Padura sabe situarse en el límite. Su posicionamiento ha recibido un reconocimiento exterior -y el Premio Princesa de Asturias es la más reciente prueba- al convertir en literatura lo que el poder capitalista quiere escuchar sobre Cuba; a saber: que el socialismo es incapaz de resolver los problemas cotidianos de los cubanos, que genera pobreza, […]
Padura sabe situarse en el límite. Su posicionamiento ha recibido un reconocimiento exterior -y el Premio Princesa de Asturias es la más reciente prueba- al convertir en literatura lo que el poder capitalista quiere escuchar sobre Cuba; a saber: que el socialismo es incapaz de resolver los problemas cotidianos de los cubanos, que genera pobreza, y que además, como si de un sistema totalitario se tratara, censura y persigue a los intelectuales. Construir este relato de Cuba -que no es original, sino que reproduce y legitima el relato dominante- ha beneficiado al autor de El hombre que amaba a los perros, pues le ha permitido proyectar internacionalmente su imagen como escritor «contestatario». Padura hubiera deseado que le censuraran para hacerse famoso, como canta Buena Fe. Sin embargo, no solo no le censuraron, sino que además las instituciones cubanas supieron reconocerle su talento literario. Así que, desde el exterior, desde el Imperio, tuvieron que hacerle famoso y empezar a premiarle antes de que le censuraran, porque, a pesar de sus rezos, su literatura nunca fue prohibida en Cuba.
«Sube el telón y hay un artista rezando / que lo censuren para hacerse famoso»: canta el grupo de pop cubano Buena Fe en «Catalejo», una de sus canciones más celebradas. Cuando escucho estos versos no puedo evitar pensar inmediatamente en Leonardo Padura. El escritor cubano, flamante Premio Princesa de Asturias, ha sabido situarse en una calculada ambigüedad que a la vez que le permite ser reconocido en el interior de la isla -es Premio Nacional de Literatura y uno de los escritores más leídos en Cuba- puede con facilidad mostrarse, de cara al exterior, como un escritor de oposición al «régimen» y próximo a la disidencia, al contener su literatura una alta dosis de crítica ante la realidad cubana, que en buena medida coincide con el discurso que el Imperio ha construido sobre lo que ocurre en Cuba.
Aunque el relato dominante nos habla de Cuba como un régimen dictatorial donde la libertad de expresión brilla por su ausencia, lo cierto es que la existencia de novelistas como Padura demuestra todo lo contrario. Que un escritor como Padura, como tantos otros, sea reconocido y leído en Cuba, incluso laureado, significa que en Cuba es posible la crítica, la oposición, la libre expresión de pensamientos, la libre circulación de distintas sensibilidades.

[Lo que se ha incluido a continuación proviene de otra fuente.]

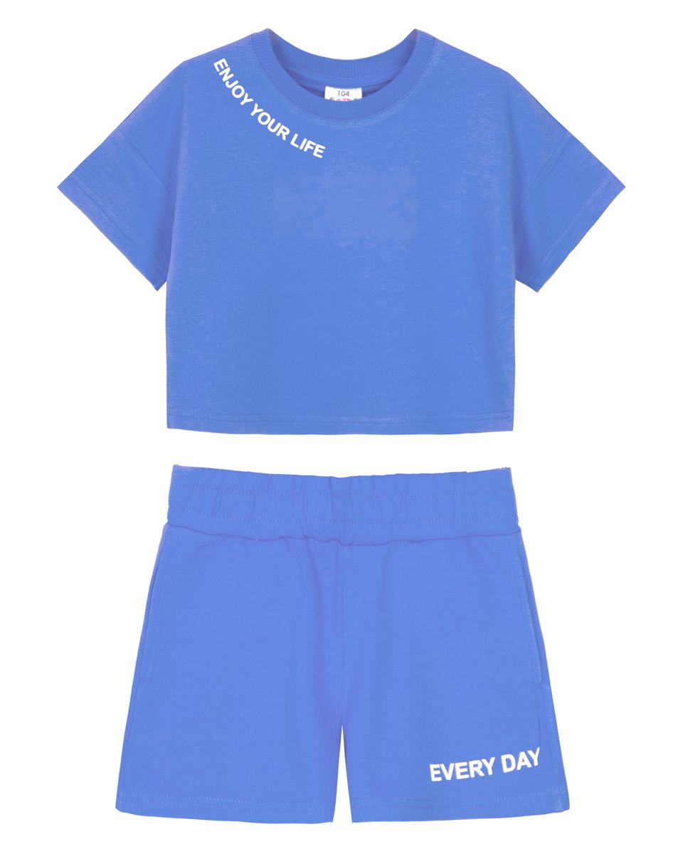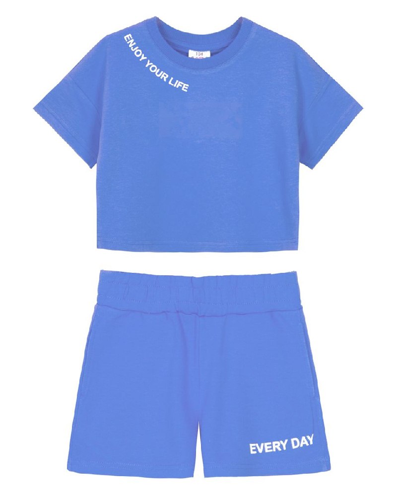 Комплект для девочки состоящий из футболки укороченной и шорт. Футболка для девочки прямого силуэта укороченная, со спущенным плечом коротким рукавом. Горловина круглая, обработана воротником из кашкорсе. Горловина спинки внутри укреплена бейкой из кулирки. На полочке принт Шелкография. Шорты для девочки трапецевидного силуэта. Пояс отрезной выполнен из основного полотна в цвет изделия, с эластичной тесьмой внутри. В боковых швах выполнены карманы с листочкой. Низ изделия обработан швом в подгибку. На левой передней половинке шорт принт Шелкография. Надпись переводится как "Наслаждайся своей жизнью; Каждый день".

Porque, ¿de qué cosas hablan los textos de Padura? Tomemos como ejemplo su obra más conocida en España, El hombre que amaba a los perros (Tusquets, 2009). La novela se divide entre distintos escenarios, cada uno de ellos protagonizado por un personaje distinto. España, la URSS, México o Cuba; Ramón Mercader, León Trotski y un frustrado novelista cubano que no puede desarrollar, debido a supuestas presiones política, su carrera literaria en Cuba, son los espacios y los personajes que se entrelazan en El hombre que amaba los perros de Leonardo Padura. Para narrar el asesinato de Trotski, Padura describe y analiza lo que podemos denominar «tres momentos totalitarios» de la Historia del siglo XX: la España republicana durante la Guerra Civil Española, las purgas de Stalin en la Unión Soviética (cuya expansión territorial llega hasta Coyacán, en México D.F., con el asesinato de Trotski por parte de Mercader), y las persecuciones a los intelectuales en la Cuba revolucionaria.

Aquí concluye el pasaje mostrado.